*How to complete this task*. Every line of the material below needs to be copied exactly; omit the pictures.

*Information supplied*.
■ ■ ■ ■
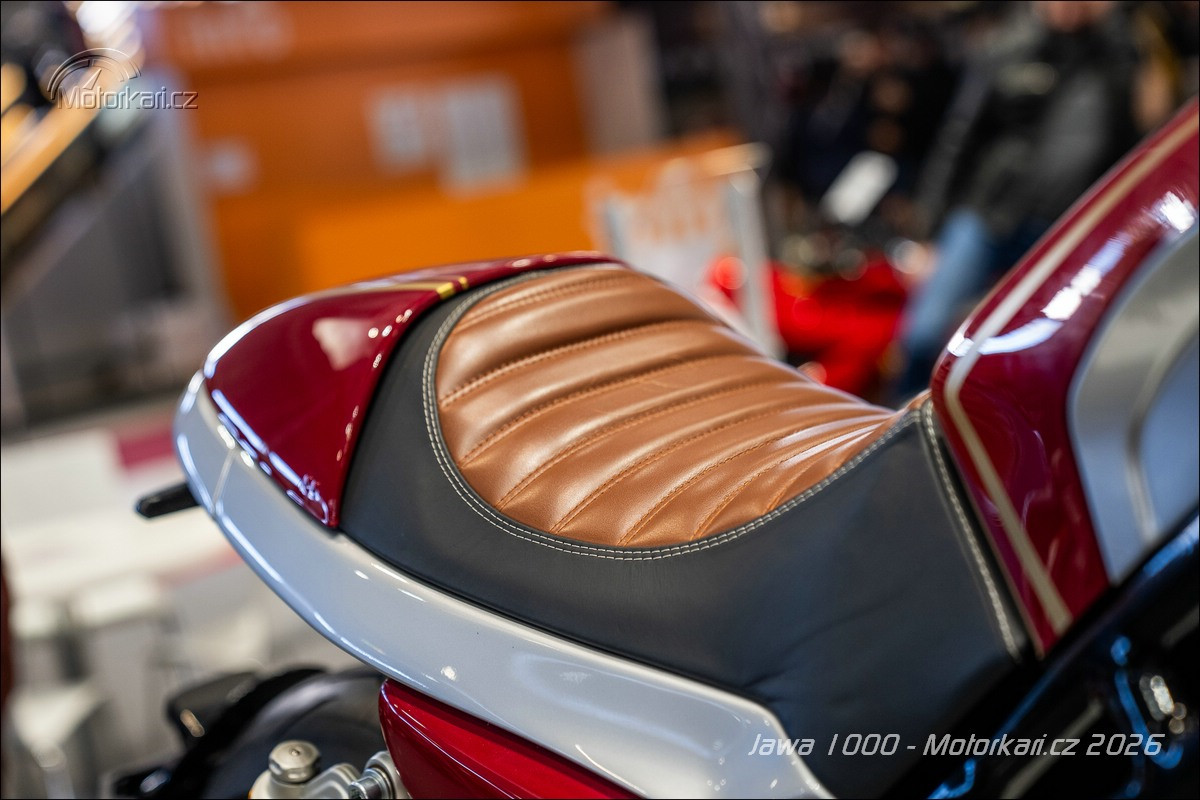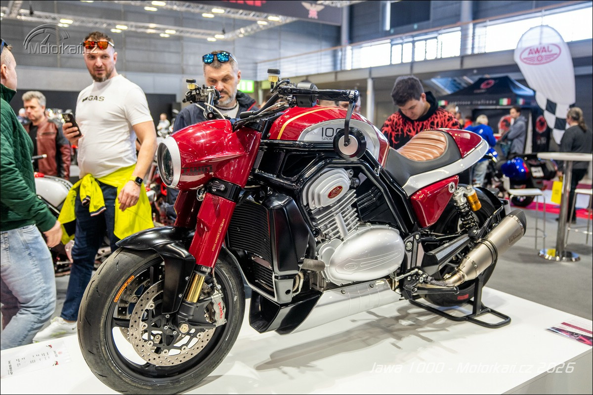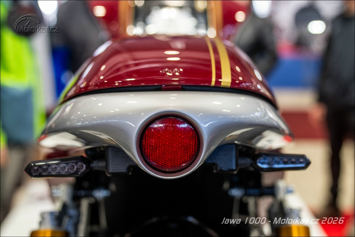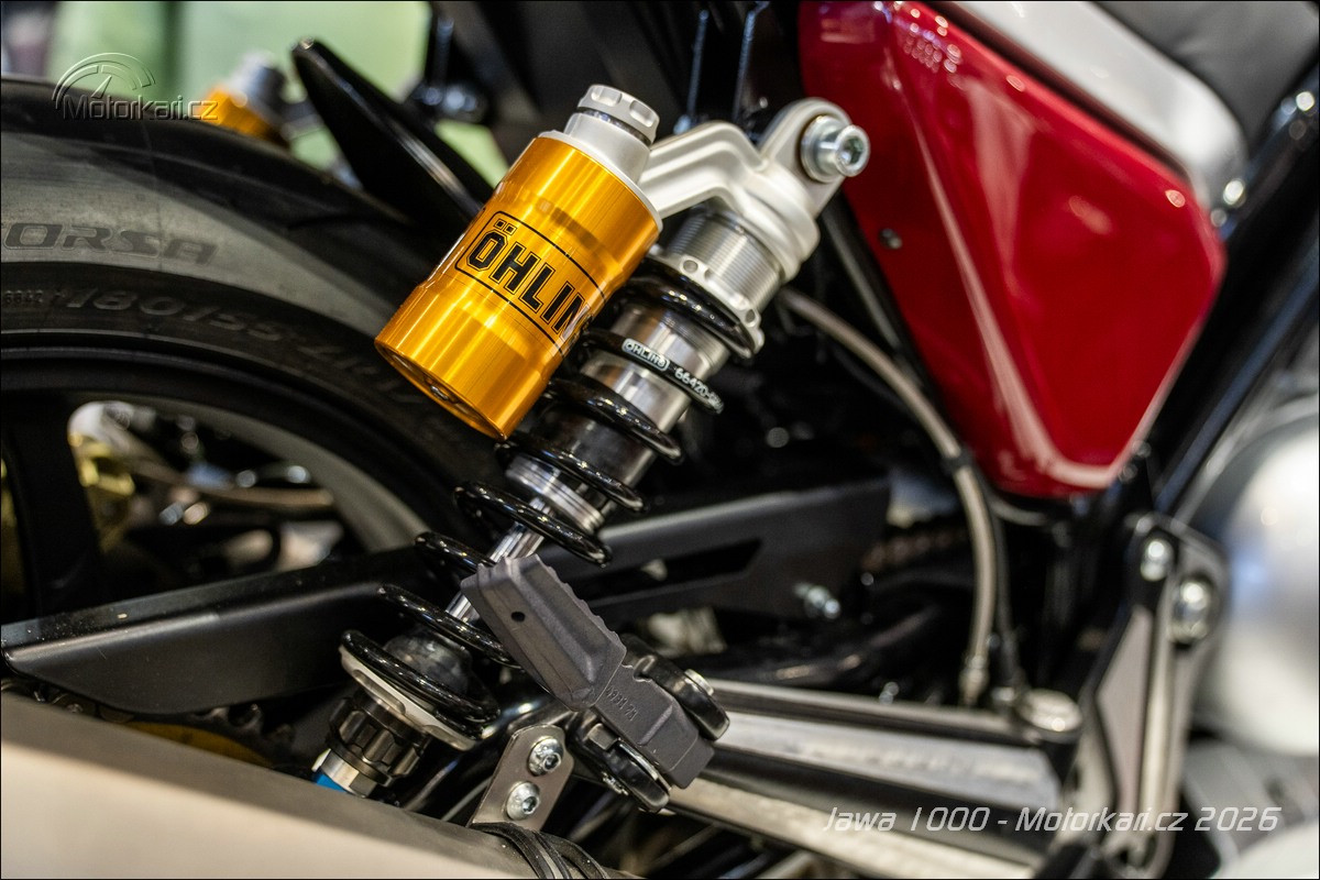 Vystavený jediný kus je samozřejmě ještě pořád prototyp a nemůže být vyvedený v jiné než typické červené jawácké barvě, doplněné o zlaté linky. Zatímco u sedm set třicítky budou barvy pevně dané (určitě jawácká červená, potom zřejmě i druhá vystavená světlá červená a nejspíše i černá), litr bude od začátku do konce personalizovaný podle přání majitele. Když si ten řekne, že chce motorku růžovou, tak ji dostane. Stejně tak odpružení je vystavené motorce Öhlins, ale jestli tam klient bude chtít Marzocchi nebo něco jiného, je na něm. Litr se totiž bude vyrábět na zakázku a rozhodně to nebude levná záležitost. Hovoří se zhruba o 1,5 milionu korun, přičemž se počítá s tím, že první (a kdoví, jestli nakonec ne i poslední) série bude mít 10-15 kusů. Litrová Jawa je tedy konečně již realitou, ale na silnici ji určitě moc potkávat nebudeme.
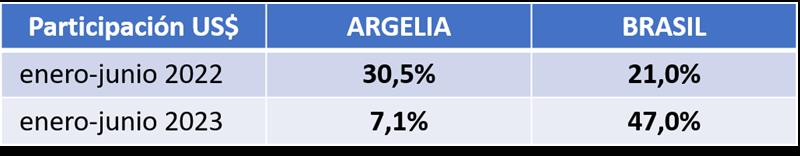 En el último año (ver cuadro de abajo), producto de los bajos precios internacionales sobre todo de la LPE y el fuerte retraso cambiario, se produjo un cambio importante en la estructura de destino, fundamentalmente entre Argelia y Brasil. Por una parte, el Arancel Externo Común favorece la colocación en Brasil y por otra, los bajos precios y la mayor presencia de Nueva Zelanda, por la reducción de importaciones de China, hacen que disminuyan las exportaciones a Argelia.
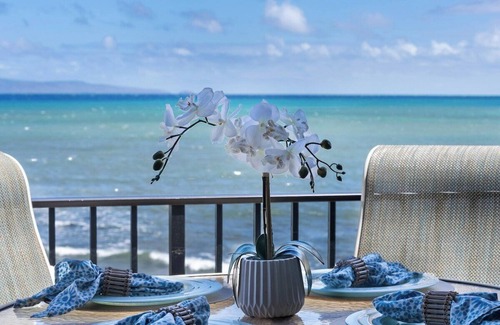 -Furnished direct oceanfront lanai with spectacular ocean and island views
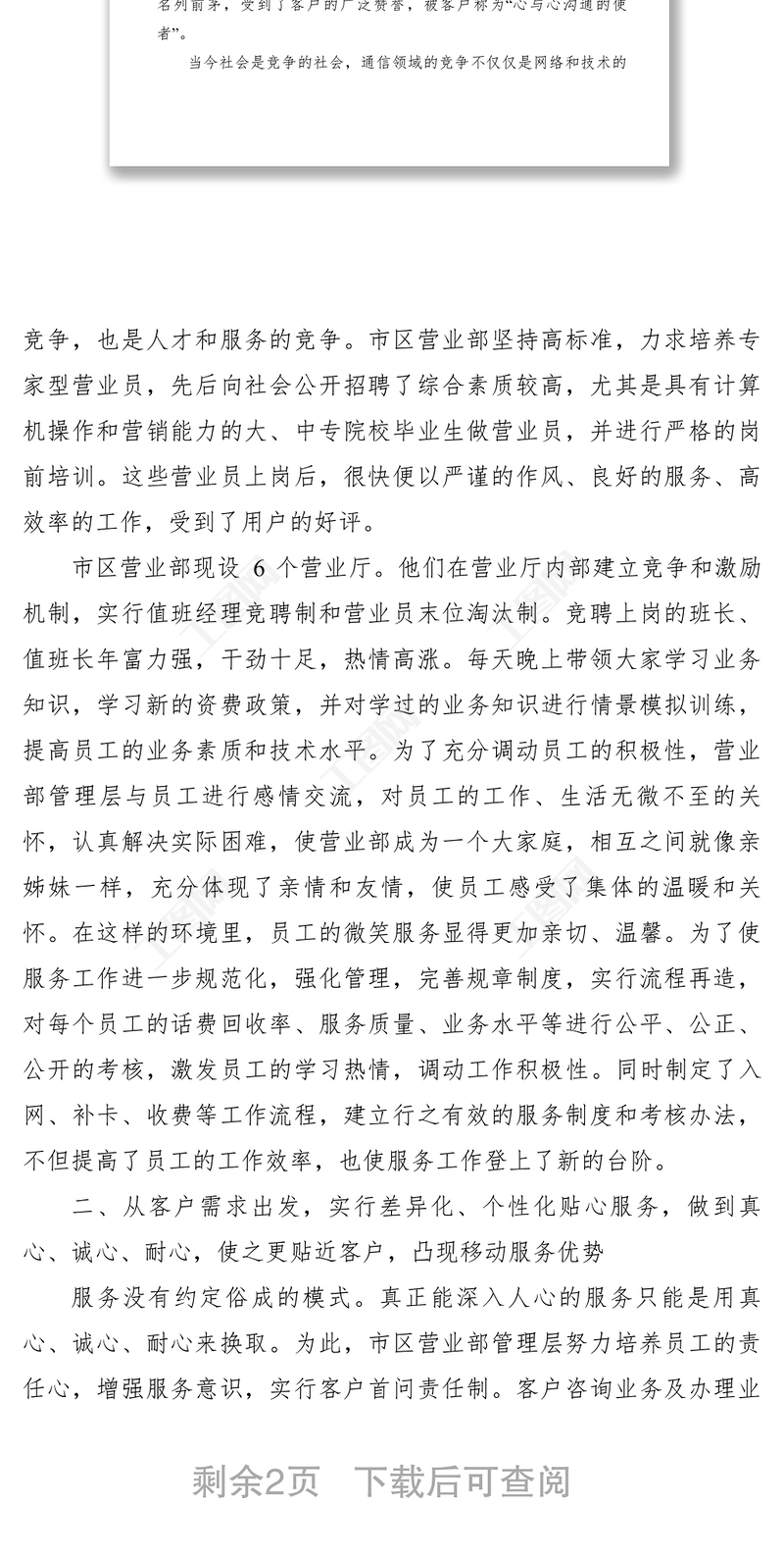 2021【先進事跡】移動通信分公司市區(qū)營業(yè)部省級青年文明號事跡材料
■ ■ ■ ■
*Solution to the exercise*.
 Vystavený jediný kus je samozřejmě ještě pořád prototyp a nemůže být vyvedený v jiné než typické červené jawácké barvě, doplněné o zlaté linky. Zatímco u sedm set třicítky budou barvy pevně dané (určitě jawácká červená, potom zřejmě i druhá vystavená světlá červená a nejspíše i černá), litr bude od začátku do konce personalizovaný podle přání majitele. Když si ten řekne, že chce motorku růžovou, tak ji dostane. Stejně tak odpružení je vystavené motorce Öhlins, ale jestli tam klient bude chtít Marzocchi nebo něco jiného, je na něm. Litr se totiž bude vyrábět na zakázku a rozhodně to nebude levná záležitost. Hovoří se zhruba o 1,5 milionu korun, přičemž se počítá s tím, že první (a kdoví, jestli nakonec ne i poslední) série bude mít 10-15 kusů. Litrová Jawa je tedy konečně již realitou, ale na silnici ji určitě moc potkávat nebudeme.
 En el último año (ver cuadro de abajo), producto de los bajos precios internacionales sobre todo de la LPE y el fuerte retraso cambiario, se produjo un cambio importante en la estructura de destino, fundamentalmente entre Argelia y Brasil. Por una parte, el Arancel Externo Común favorece la colocación en Brasil y por otra, los bajos precios y la mayor presencia de Nueva Zelanda, por la reducción de importaciones de China, hacen que disminuyan las exportaciones a Argelia.
 -Furnished direct oceanfront lanai with spectacular ocean and island views
 2021【先進事跡】移動通信分公司市區(qū)營業(yè)部省級青年文明號事跡材料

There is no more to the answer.